Give back only one number: how many lines in the data below contain the word "Fotoğraf".

◆ Information shown:
━━━━━━━━━━━━━━━━━━━━━━━━━━━━━━
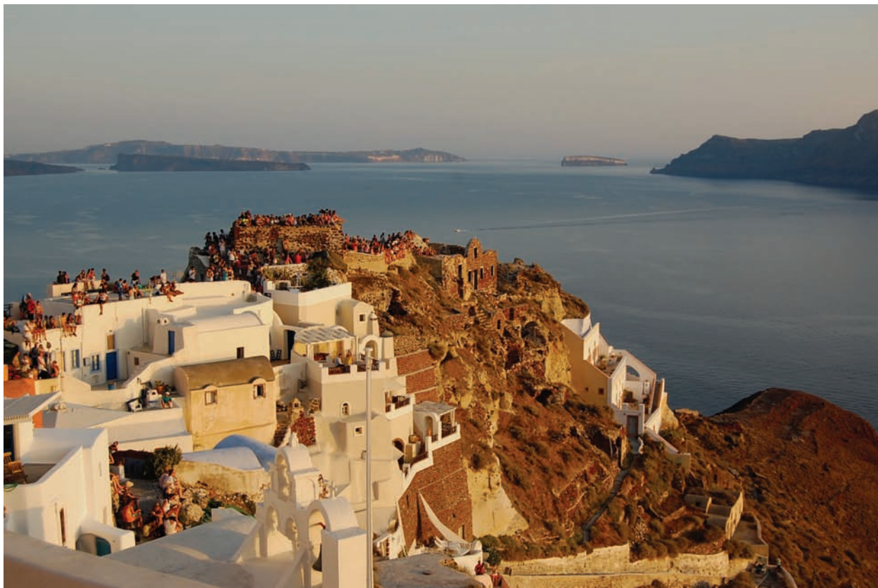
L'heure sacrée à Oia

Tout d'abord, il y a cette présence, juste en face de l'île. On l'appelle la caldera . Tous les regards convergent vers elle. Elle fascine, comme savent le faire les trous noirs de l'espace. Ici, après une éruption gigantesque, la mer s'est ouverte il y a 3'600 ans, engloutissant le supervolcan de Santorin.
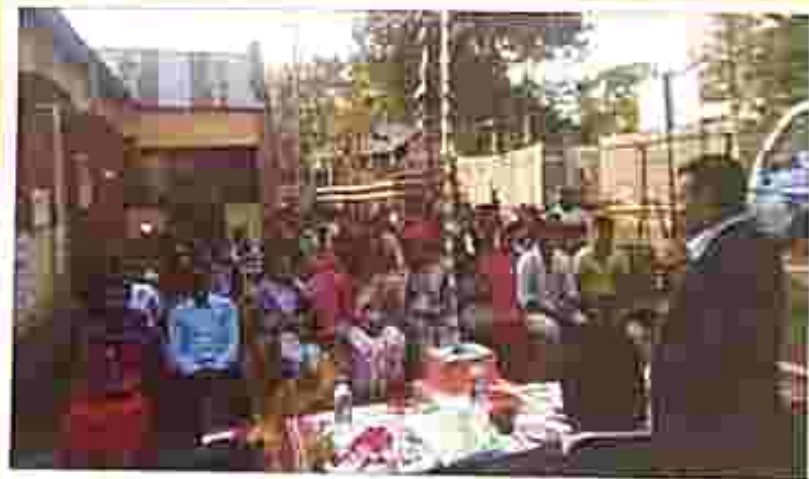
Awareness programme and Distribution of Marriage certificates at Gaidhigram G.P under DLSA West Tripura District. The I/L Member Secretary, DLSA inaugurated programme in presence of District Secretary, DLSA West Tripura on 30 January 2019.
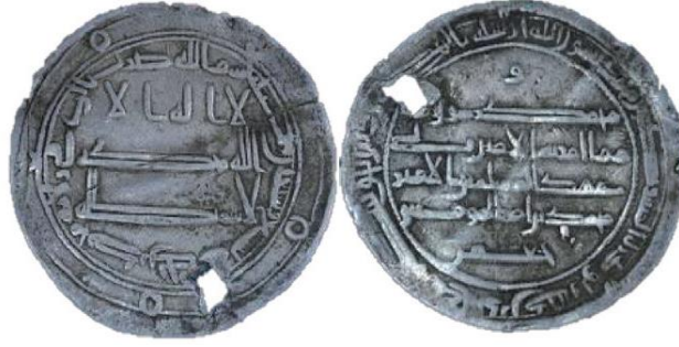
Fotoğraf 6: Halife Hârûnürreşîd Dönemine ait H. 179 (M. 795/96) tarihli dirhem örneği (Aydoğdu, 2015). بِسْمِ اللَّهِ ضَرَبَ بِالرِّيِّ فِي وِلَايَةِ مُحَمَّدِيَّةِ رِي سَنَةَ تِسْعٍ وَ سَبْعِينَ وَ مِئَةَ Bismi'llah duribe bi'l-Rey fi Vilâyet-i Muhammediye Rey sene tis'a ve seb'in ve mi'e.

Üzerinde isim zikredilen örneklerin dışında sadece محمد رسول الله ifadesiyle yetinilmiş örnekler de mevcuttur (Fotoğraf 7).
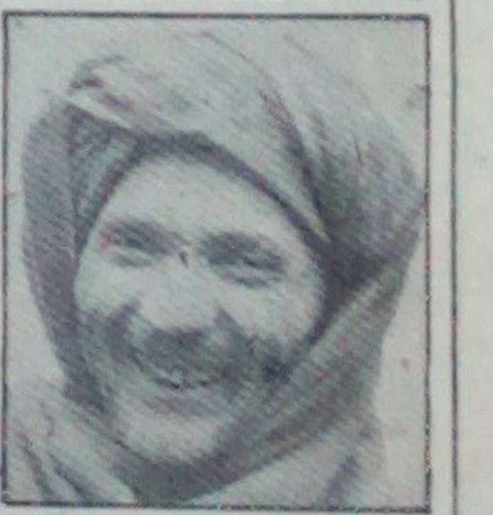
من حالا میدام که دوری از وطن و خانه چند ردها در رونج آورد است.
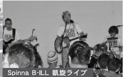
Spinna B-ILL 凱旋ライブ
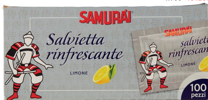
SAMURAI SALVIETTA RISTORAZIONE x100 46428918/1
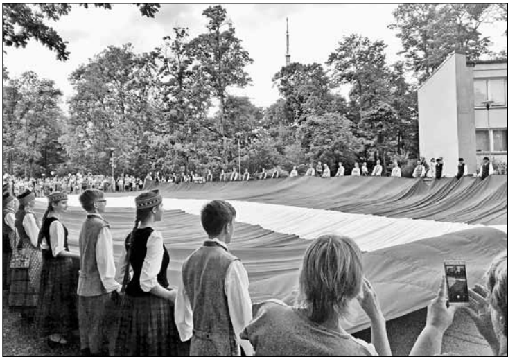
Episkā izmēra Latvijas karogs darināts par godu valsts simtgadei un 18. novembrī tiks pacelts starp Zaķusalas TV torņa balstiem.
━━━━━━━━━━━━━━━━━━━━━━━━━━━━━━
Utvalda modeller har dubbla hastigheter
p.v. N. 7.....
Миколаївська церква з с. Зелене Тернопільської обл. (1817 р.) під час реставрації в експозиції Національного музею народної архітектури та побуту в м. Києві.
━━━━━━━━━━━━━━━━━━━━━━━━━━━━━━
◆ Answer section:
2